Maroc : utiliser l’IA ou les réseaux sociaux pour un sondage électoral vous enverra en prison
Le gouvernement marocain s’apprête à durcir sa législation concernant les sondages d’opinion en période électorale. Un projet de loi, présenté par le ministre de l’Intérieur, vise à criminaliser spécifiquement l’utilisation des nouveaux outils technologiques pour réaliser ou publier de telles enquêtes, afin de lutter contre leur « usage inapproprié » visant à « influencer le déroulement normal du processus électoral ».
Le projet de loi cible explicitement l’essor des moyens modernes de communication. Il propose de criminaliser l’utilisation des réseaux sociaux, des réseaux de diffusion ouverte, des outils d’intelligence artificielle, ou de toute plateforme électronique pour réaliser ou publier un sondage d’opinion lié aux élections. Cette interdiction s’appliquerait durant la période sensible, définie du quinzième jour précédant le début de la campagne électorale jusqu’à la fin des opérations de vote.
Des peines de prison et de lourdes amendes
Pour garantir l’application de cette interdiction, le projet de loi prévoit un alourdissement significatif des sanctions. Les contrevenants s’exposeront à des « mesures répressives strictes ».

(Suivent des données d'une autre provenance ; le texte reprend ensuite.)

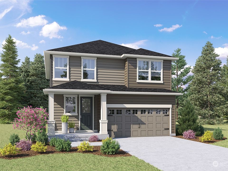 The Hemlock walkout basement floorplan has arrived at North Creek Vista II, East facing Hemlock features 4 beds, 3.5 baths & BONUS, open main level great room W/cozy fireplace, separate dining rm, gourmet kitchen W/ large island, quartz counters, built-in microwave & oven combo W/ GAS COOKTOP, soft-close cabinets, and large deck off the kitchen overlooking the tree lined critical area. Fully finished basement features bonus rm, bed & a bath W/shower, walkout patio. Upstairs primary suite W/attached bath & walk-in closet, laundry, 2 additional beds & a full bath. Home is equipped w/central A/C, Washer & Dryer, heat pump, built-in Smart Home Features, EV plug. Buyers must register broker on site at their first visit! SHOWINGS BY APPT ONLY!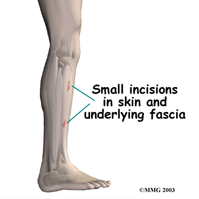 If the problem has been present for more than three months, the surgeon may only need to make one or two incisions to cut the layer of fascia and reduce pressure inside a single problem compartment.
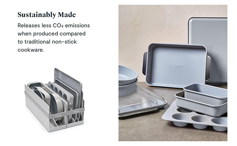 Eco-Friendly. Planet-Approved Bakeware that releases up to 60% less CO2 when produced compared to traditional non-stick coatings.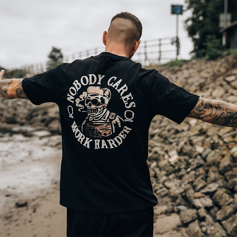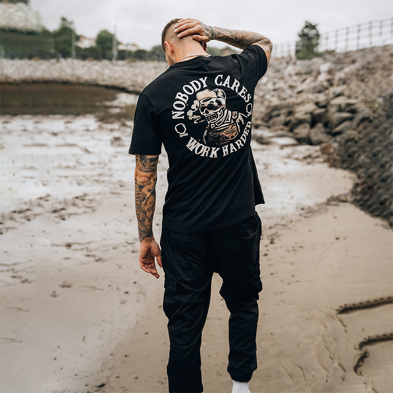 Nobody Cares Work Harder Skull Printed Men T-Shirt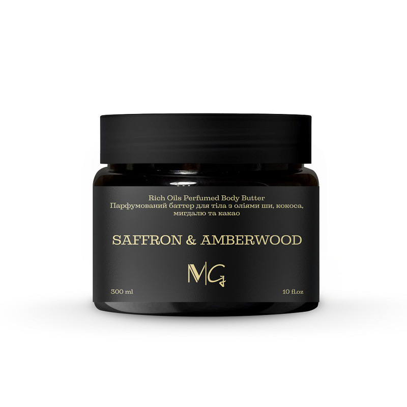 Батер парфумований з оліями ши, кокоса, мигдалю та какао MG Saffron and Amberwood 300 мл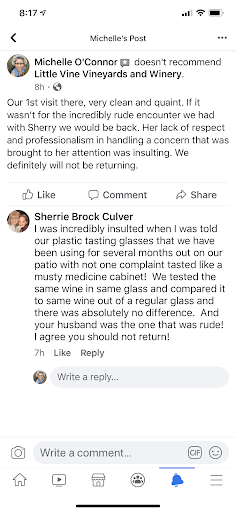 Local friends beware of this venue. Not worth the hassle that we experienced last night and she is the owner! We both ordered one sampler each, both being different so we could try one anotherās. Each contained 4 samples of wine. They brought them out in small clear plastic cups with little paper stickers that had the initials of the name of the wine typed on them on a black plastic tray. After tasting his first pick, Joel immediately commented to me he didnāt care for that particular one. I didnāt think anything of it. After sampling his second choice and tasting a little of mine he had observed the funny taste and smell that was coming from the small plastic cups. Thatās when I started to pick mine up and smell. A couple of my wines were sweeter and had bolder flavor so their aroma and taste overpowered the strength of what he was experiencing. I sipped his first sample, it tasted like medicine, literally. The cup had a weird overpowering odor, like when you store something in a cabinet for a long time. His first sample was acclaimed to be their ābest sellerā. There is no way that could be their best seller off of what we were tasting. After trying his second sample and getting the same feedback from me he walked up to the front and said something. Our young waitress followed him back and gathered up our samples and took them away. She then brought out a sample in a wine glass, after sipping it he told the young waitress that he liked it and the taste was vastly different than what he had experienced trying it out of the plastic cup. Sherrie followed a few minutes after, her body language and tone reflecting exactly how she felt; offended. She did not take his complaint lightly and was incredibly and distastefully rude. She told Joel she had gone to the back and drank from his plastic cup and then poured the same wine in a glass, she stated her comparison results were the same. She even made the comment āI hope you donāt have Corona because I drank after youā. She proceeded to argue with him in open on an outside patio, she was loud and disrespectful. She stated a couple of times she wouldnāt charge us for the samples, he tried to explain to her that it wasnāt about the money, that he was just trying to inform them of his experience so that someone else wouldnāt have to sample their wine in musty smelling/tasting cups. The samplers were $5 each, we definitely could afford $10. We had packed and brought a cheese platter with fruit and an olive salad that exceeded the amount of the wine we were sampling. To say that Iām disappointed is an understatement. I looked forward to this date all week, itās the first time weāve been OUT since the pandemic and my surgery. To have it ruined by an over sensitive grown woman because she couldnāt stomach constructive criticism over PLASTIC CUPS is...

Toute personne ayant demandé la réalisation d’un sondage en violation de ces dispositions sera passible d’une peine d’emprisonnement de six mois à un an, accompagnée d’une amende allant de 10 000 à 250 000 dirhams. Le plafond de l’amende sera relevé à 500 000 dirhams si l’auteur de l’infraction est une personne morale. En complément, les auteurs de ces infractions pourront également être condamnés à la déchéance de leur capacité commerciale pour une durée de cinq ans.